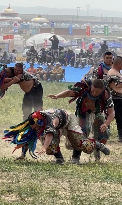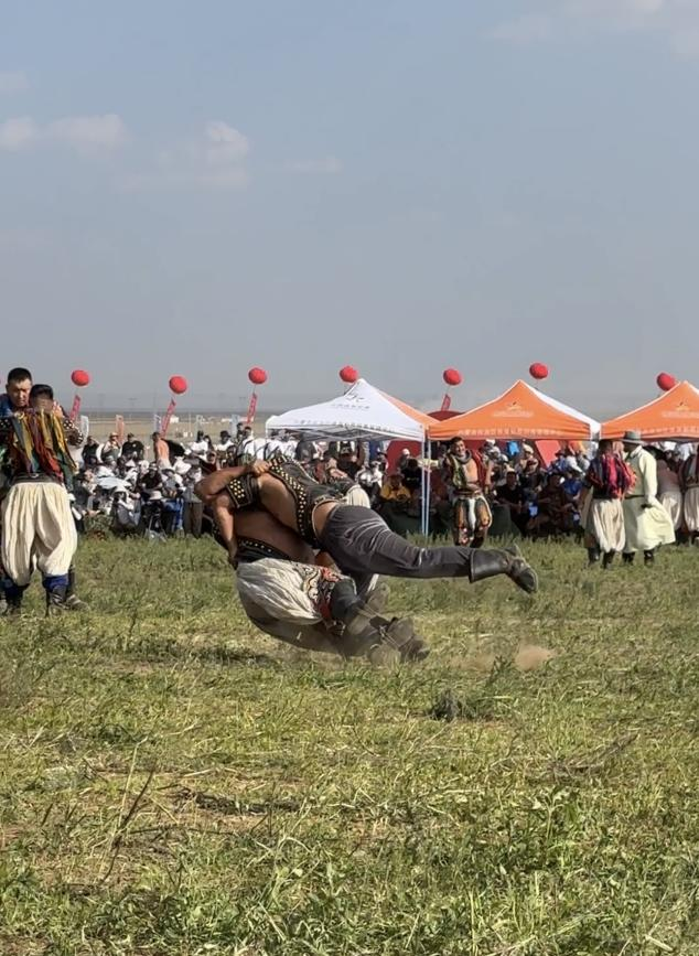 阿斯琴:包括腰力、轉(zhuǎn)動能力和手臂的力量。(牧民的傳統(tǒng))馴馬、馴牛、馴駱駝,不能用蠻力,要有巧勁,要有這方面的天賦才行。比賽規(guī)則就是單排淘汰,倒了就不能再上了。一跤定勝負(fù),這是它摔跤的特點(diǎn)。
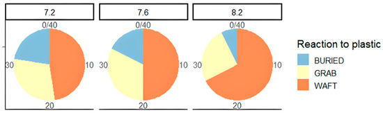 The hypothesis that the combined effects of OA and microplastic odour as stressors result in greater impacts on olfactory detection in C. maenas was confirmed in several of the experimental conditions, particularly the PE vs. GSH (food) and PE vs. control tests, where initial reaction times were significantly slower at pH 7.2 compared to pH 7.6 and 8.2.
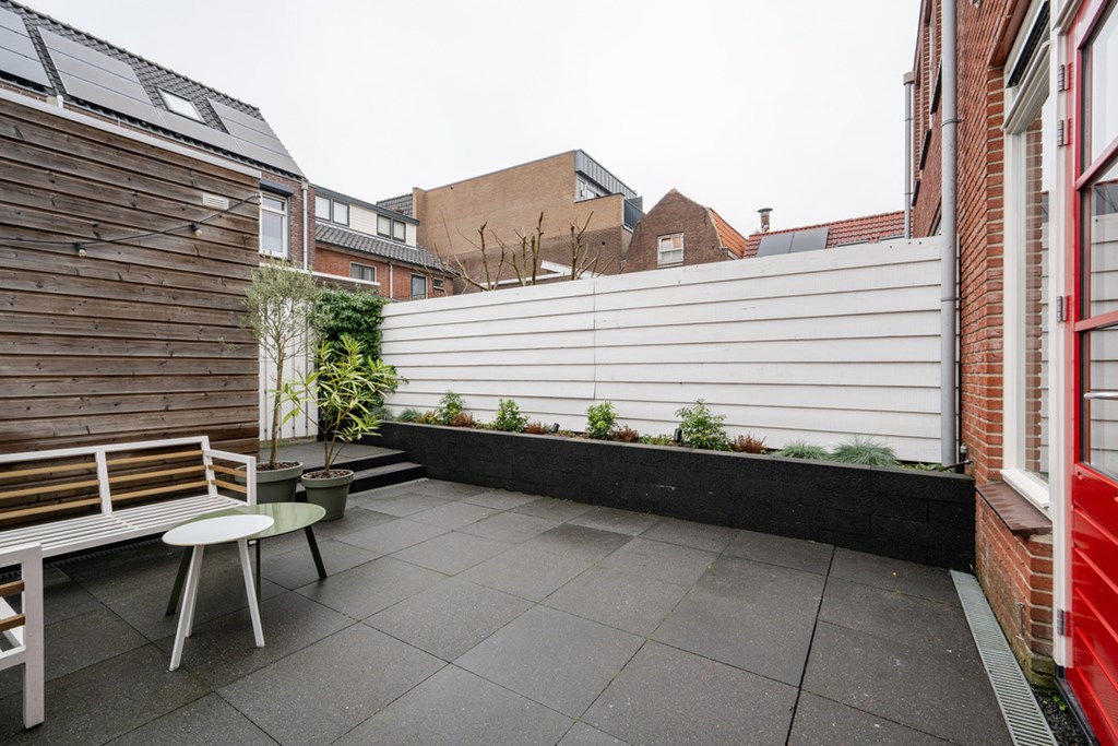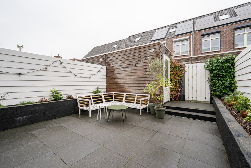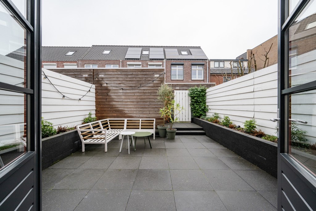 De achtertuin is aangelegd als onderhoudsvriendelijke stadstuin en beschikt over een terras, vaste plantenbakken en voldoende privacy. Achterin de tuin staat een vrijstaande houten berging van circa 6 m². De tuin is tevens bereikbaar via een achterom.
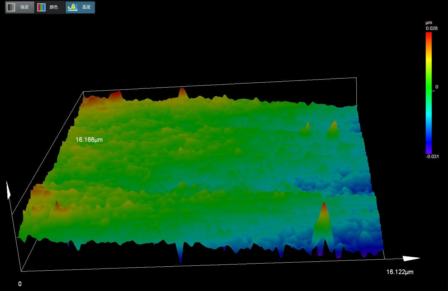 圖說:拍攝的表面三維成像,可用高度資訊圖的方式呈現,使用者更能對表面結構一目了然。

- _WORK ITEM_: Omit the pictures and reproduce the remaining material above exactly.

- _SOLUTION FOR THIS PROBLEM_:
 阿斯琴:包括腰力、轉(zhuǎn)動能力和手臂的力量。(牧民的傳統(tǒng))馴馬、馴牛、馴駱駝,不能用蠻力,要有巧勁,要有這方面的天賦才行。比賽規(guī)則就是單排淘汰,倒了就不能再上了。一跤定勝負(fù),這是它摔跤的特點(diǎn)。
 The hypothesis that the combined effects of OA and microplastic odour as stressors result in greater impacts on olfactory detection in C. maenas was confirmed in several of the experimental conditions, particularly the PE vs. GSH (food) and PE vs. control tests, where initial reaction times were significantly slower at pH 7.2 compared to pH 7.6 and 8.2.
 De achtertuin is aangelegd als onderhoudsvriendelijke stadstuin en beschikt over een terras, vaste plantenbakken en voldoende privacy. Achterin de tuin staat een vrijstaande houten berging van circa 6 m². De tuin is tevens bereikbaar via een achterom.
 圖說:拍攝的表面三維成像,可用高度資訊圖的方式呈現,使用者更能對表面結構一目了然。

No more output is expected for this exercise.